### [Requirement]
With pictures left out, extract every line between the start of the records below and the line holding "Siguiendo el orden", inclusive.

Task data: Begin

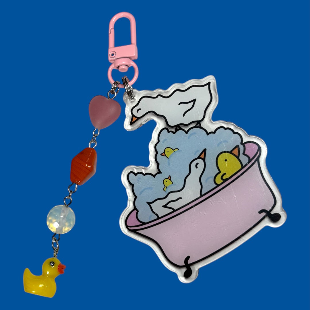 "Goose Bath" features a pink claw foot bathtub with light blue bubbles piled high inside. In the tub is a white goose and 3 yellow rubber duckies. On top of the bubbles is another white goose.
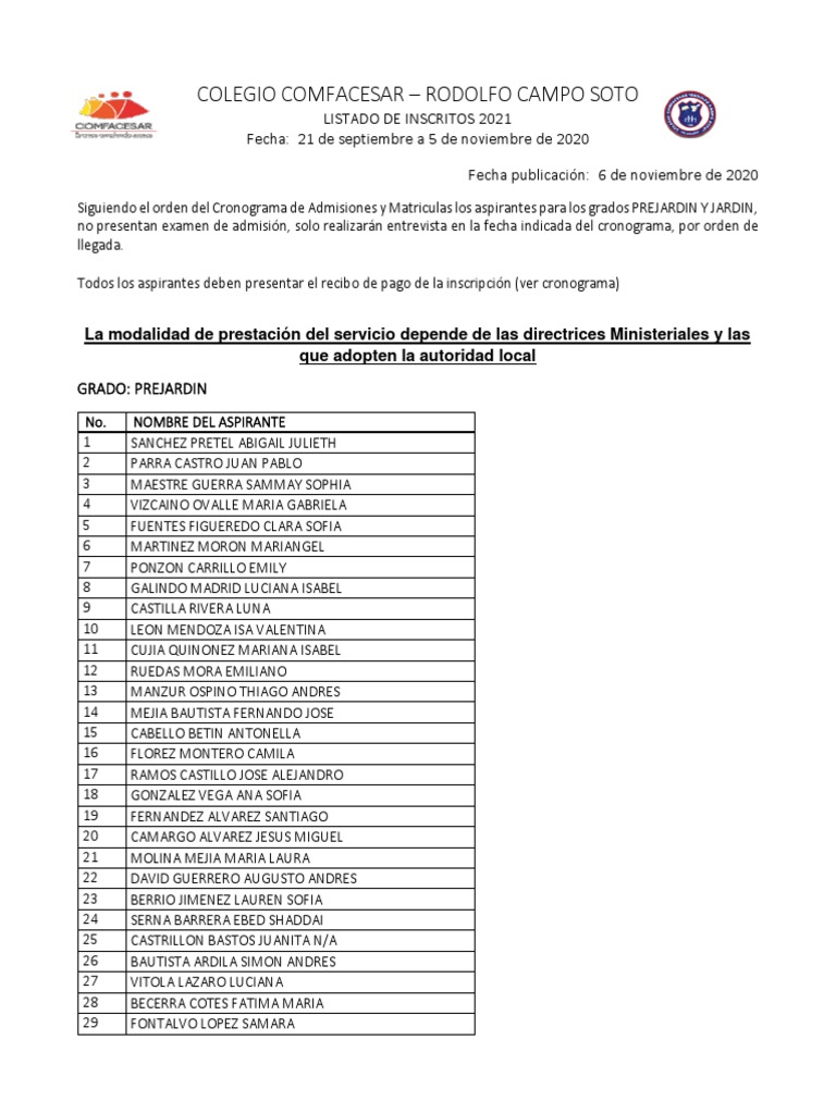 Siguiendo el orden del Cronograma de Admisiones y Matriculas los aspirantes para los grados PREJARDIN Y JARDIN,
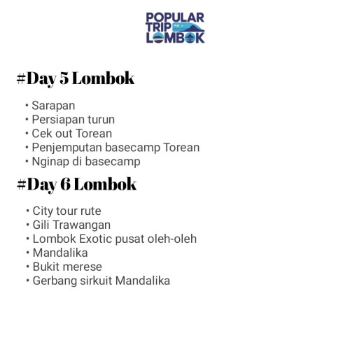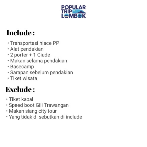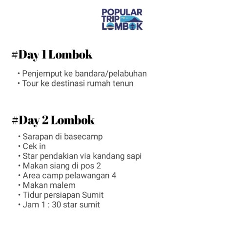 - Vendor : Popular Trip Lombok
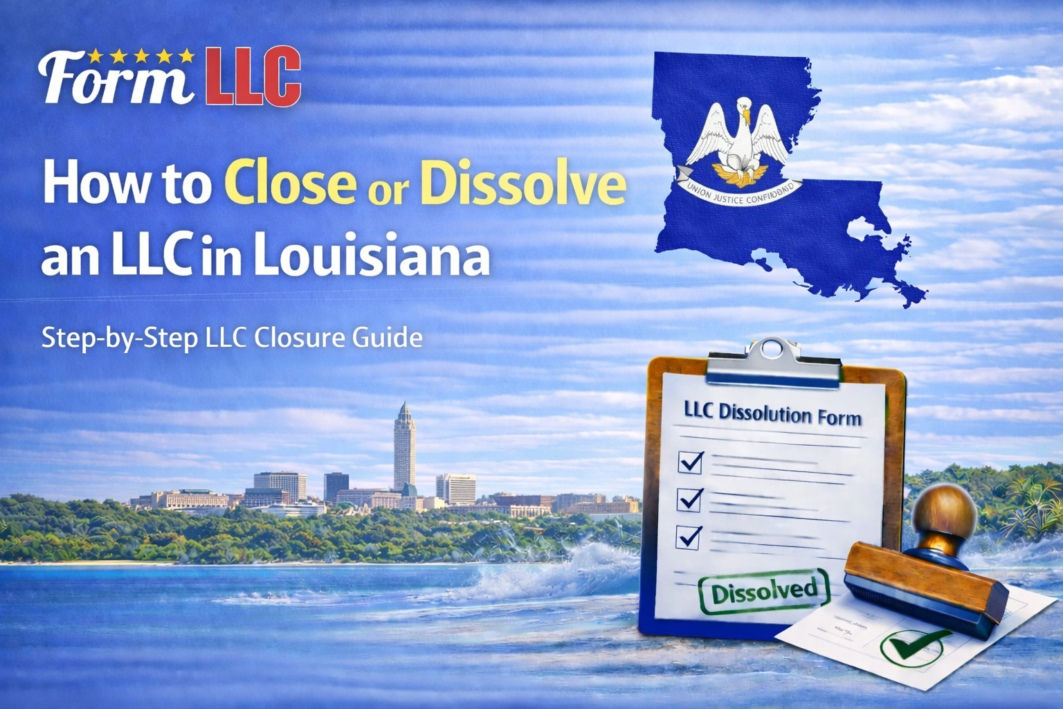 By following the proper dissolution process—bringing Louisiana Annual Reports and tax matters current, completing the required wind-down steps, and filing Articles of Dissolution—LLC owners can close their businesses with confidence and avoid future compliance issues. Louisiana’s low filing fees and typically fast processing make voluntary dissolution straightforward when handled correctly. If you prefer guided assistance, FormLLC can help ensure your Louisiana LLC is dissolved accurately and without unnecessary delays or follow-up complications.
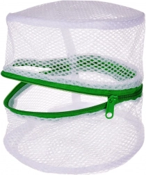 Praktická sieťka na pranie bielizne a spodnej bielizne chráni citlivé tkaniny pred poškodením a zamotávaním. Má rozmery 14 × 17 cm, je z pevného polyesterového materiálu, rýchlo schne a umožňuje voľný prietok vody a pracích prostriedkov. Ideálna najmä na podprsenky a jemnú bielizeň, so zapínaním na zips pre bezpečné uzavretie.
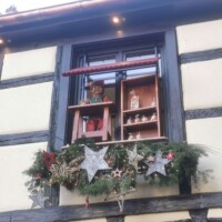 The Turckheim Christmas Market was a smaller market in the area. However, they have a great advent calendar to open each night in December – the “calendar” was three painted house fronts. Each night school children walk down the stairs next to the Town Hall, across the square to the advent calendar where a window is opened to display a special Christmas scene.
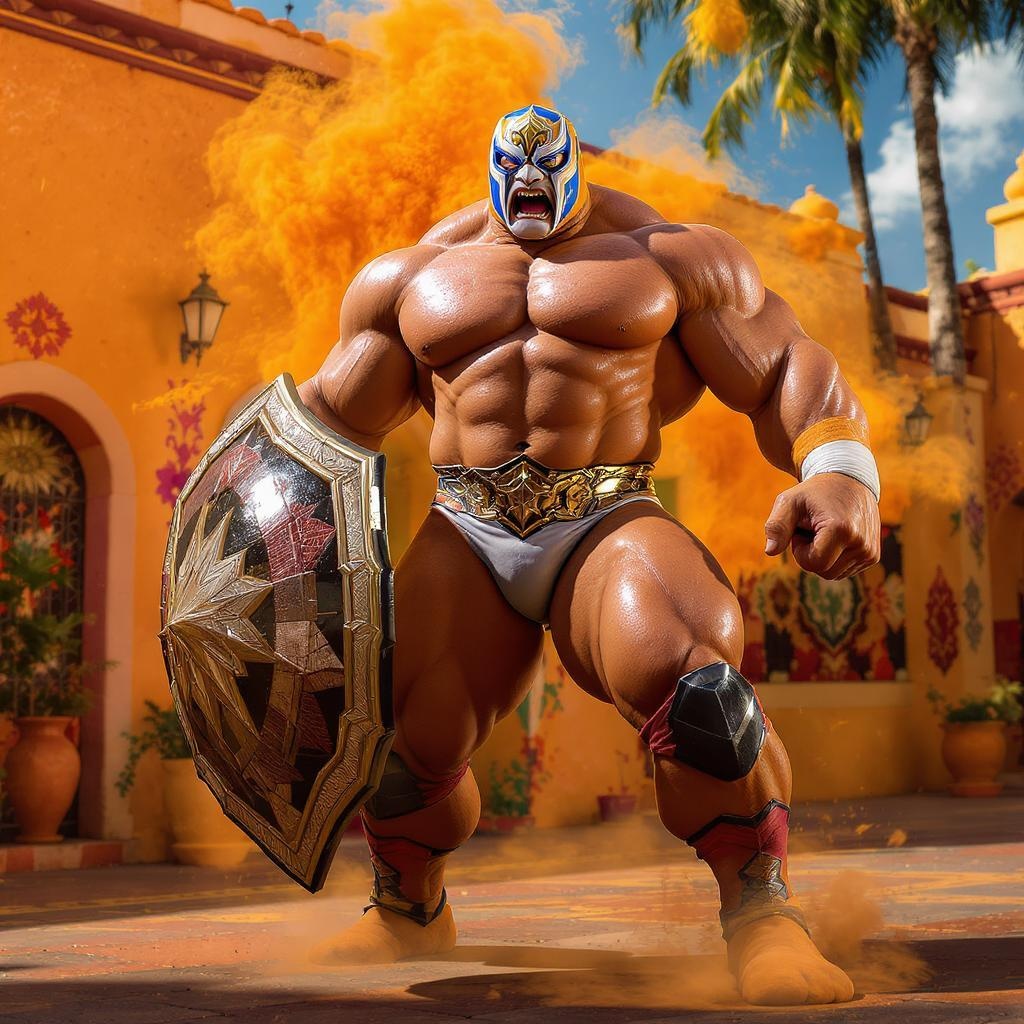 Create a hyper-realistic photograph of El Tigre Braum in a vibrant Mexican-inspired setting, showcasing his towering and muscular physique adorned with an intricately designed luchador mask. Capture the essence of his character with advanced lighting techniques that emphasize his powerful, determined expression and highlight the dynamic pose that conveys both strength and agility. His signature shield should be prominently featured, adding to the dynamic composition. The scene should be filled with a bright and bold color palette featuring splashes of orange and yellow, reflecting his lively and energetic nature.
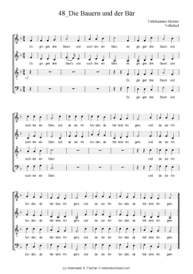Die Bauern und der Bär - Sheet Music for mixed choir Unbekannter Meister Volkslied
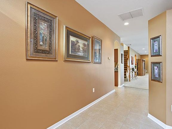 Beautiful place to call home in the peaceful neighborhood of Country Walk, this home sits on conservation and overlooks a pond. This large home boasts three bedrooms, two bath, and large upstairs bonus room. Bright and open floor plan lets in all the natural light through many windows and sliding glass door. Grand foyer gives you a warm welcome into the living and dining room combo. Cozy thick carpet flows throughout. Gourmet kitchen features granite countertops with tile backsplash, recessed lighting, stainless steel appliances, eat in breakfast nook space and closet pantry. First floor Master suite presents high double-tray ceilings, huge master bath with dual sinks, Corian countertops, and relaxing garden tub with separate shower. Enormous upstairs bonus room can be whatever you desire to make it. All bedrooms are spacious, bright, and cheerful. Back screened porch is perfect for enjoying the Florida weather. Privacy gate outlines your backyard paradise. Country Walk community offers a 5,000 square foot community center with fitness facilities, playground, outdoor courts, soccer field, dog park, greenspace and two pools all just 4 miles east of I-75, south of State Road 54, conveniently close to Wiregrass Mall, Tampa Premium Outlets, dining, Florida Hospital and entertainment. Great schools in the area as well as Pasco State College. This community sits in the perfect spot for today and the future growth! Come see why this home is meant to be your new home! Taxes include CDD.

Task data: End

### [Answer for the task]
 "Goose Bath" features a pink claw foot bathtub with light blue bubbles piled high inside. In the tub is a white goose and 3 yellow rubber duckies. On top of the bubbles is another white goose.
 Siguiendo el orden del Cronograma de Admisiones y Matriculas los aspirantes para los grados PREJARDIN Y JARDIN,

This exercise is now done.